YOUR GOAL —
Return all of the data verbatim, dropping any picture.

COLLECTED MATERIAL —
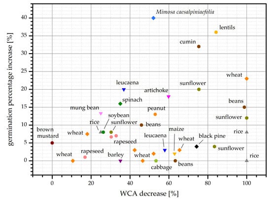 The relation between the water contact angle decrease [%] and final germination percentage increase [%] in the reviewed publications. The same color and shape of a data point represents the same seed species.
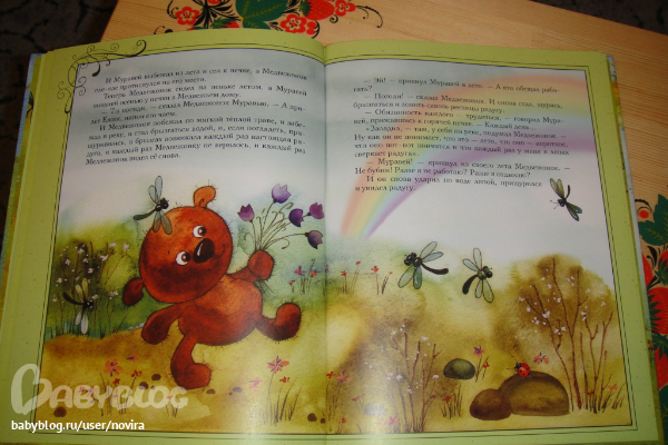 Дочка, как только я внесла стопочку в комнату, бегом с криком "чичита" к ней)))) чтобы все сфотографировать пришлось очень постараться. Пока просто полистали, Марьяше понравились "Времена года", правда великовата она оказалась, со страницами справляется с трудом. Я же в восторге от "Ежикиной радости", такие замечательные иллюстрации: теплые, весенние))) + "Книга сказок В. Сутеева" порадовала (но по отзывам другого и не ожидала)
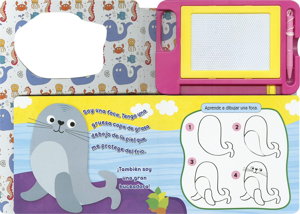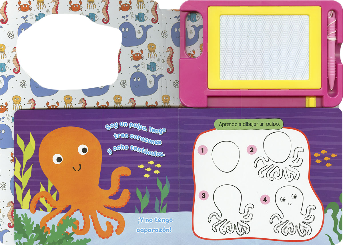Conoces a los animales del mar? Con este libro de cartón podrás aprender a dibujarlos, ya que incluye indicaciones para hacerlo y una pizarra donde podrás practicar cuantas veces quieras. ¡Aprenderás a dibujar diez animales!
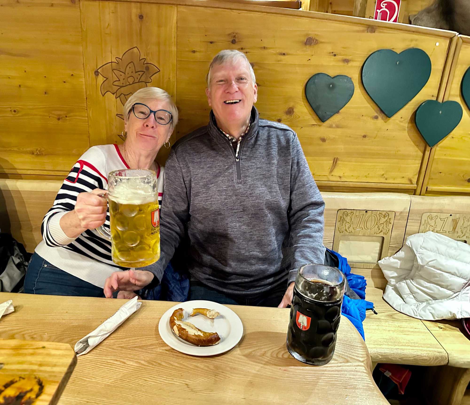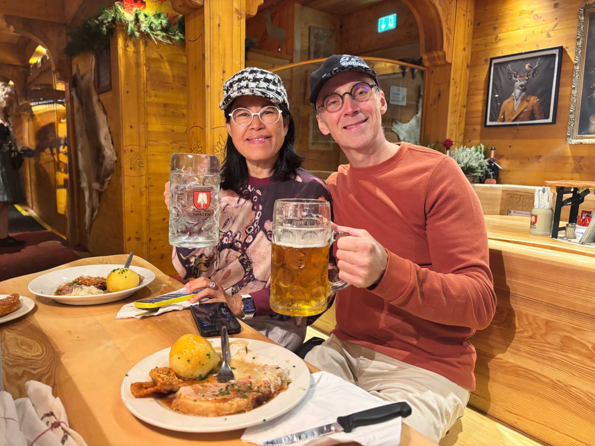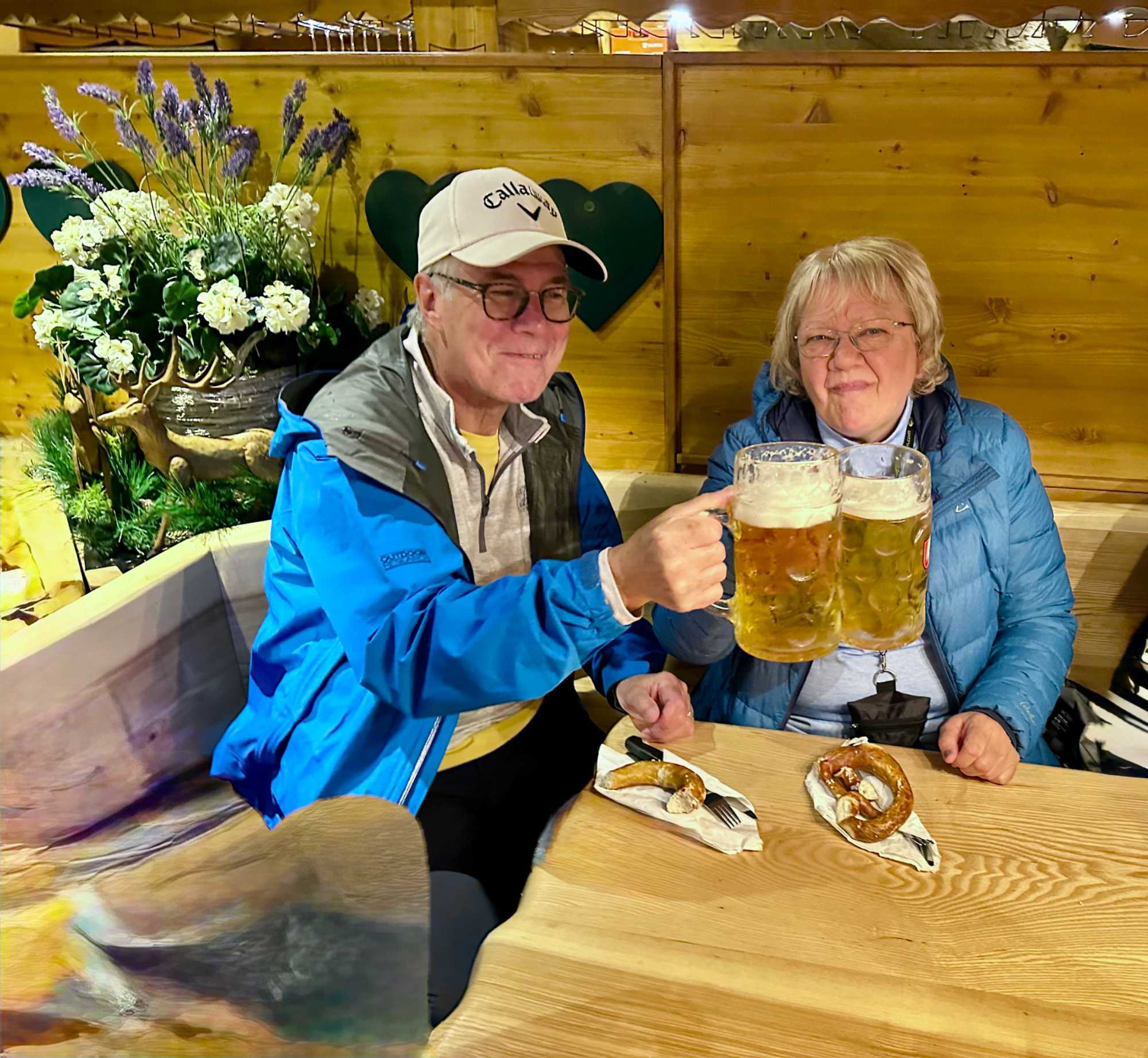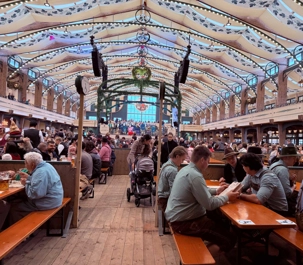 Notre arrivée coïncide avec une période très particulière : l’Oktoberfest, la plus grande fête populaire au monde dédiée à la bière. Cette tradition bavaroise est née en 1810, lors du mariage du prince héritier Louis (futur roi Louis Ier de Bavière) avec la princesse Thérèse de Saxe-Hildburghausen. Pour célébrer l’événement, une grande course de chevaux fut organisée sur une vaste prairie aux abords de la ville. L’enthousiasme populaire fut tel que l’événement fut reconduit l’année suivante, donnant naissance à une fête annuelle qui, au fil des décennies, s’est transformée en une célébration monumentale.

SOLUTION FOR THIS PROBLEM —
 The relation between the water contact angle decrease [%] and final germination percentage increase [%] in the reviewed publications. The same color and shape of a data point represents the same seed species.
 Дочка, как только я внесла стопочку в комнату, бегом с криком "чичита" к ней)))) чтобы все сфотографировать пришлось очень постараться. Пока просто полистали, Марьяше понравились "Времена года", правда великовата она оказалась, со страницами справляется с трудом. Я же в восторге от "Ежикиной радости", такие замечательные иллюстрации: теплые, весенние))) + "Книга сказок В. Сутеева" порадовала (но по отзывам другого и не ожидала)
Conoces a los animales del mar? Con este libro de cartón podrás aprender a dibujarlos, ya que incluye indicaciones para hacerlo y una pizarra donde podrás practicar cuantas veces quieras. ¡Aprenderás a dibujar diez animales!
 Notre arrivée coïncide avec une période très particulière : l’Oktoberfest, la plus grande fête populaire au monde dédiée à la bière. Cette tradition bavaroise est née en 1810, lors du mariage du prince héritier Louis (futur roi Louis Ier de Bavière) avec la princesse Thérèse de Saxe-Hildburghausen. Pour célébrer l’événement, une grande course de chevaux fut organisée sur une vaste prairie aux abords de la ville. L’enthousiasme populaire fut tel que l’événement fut reconduit l’année suivante, donnant naissance à une fête annuelle qui, au fil des décennies, s’est transformée en une célébration monumentale.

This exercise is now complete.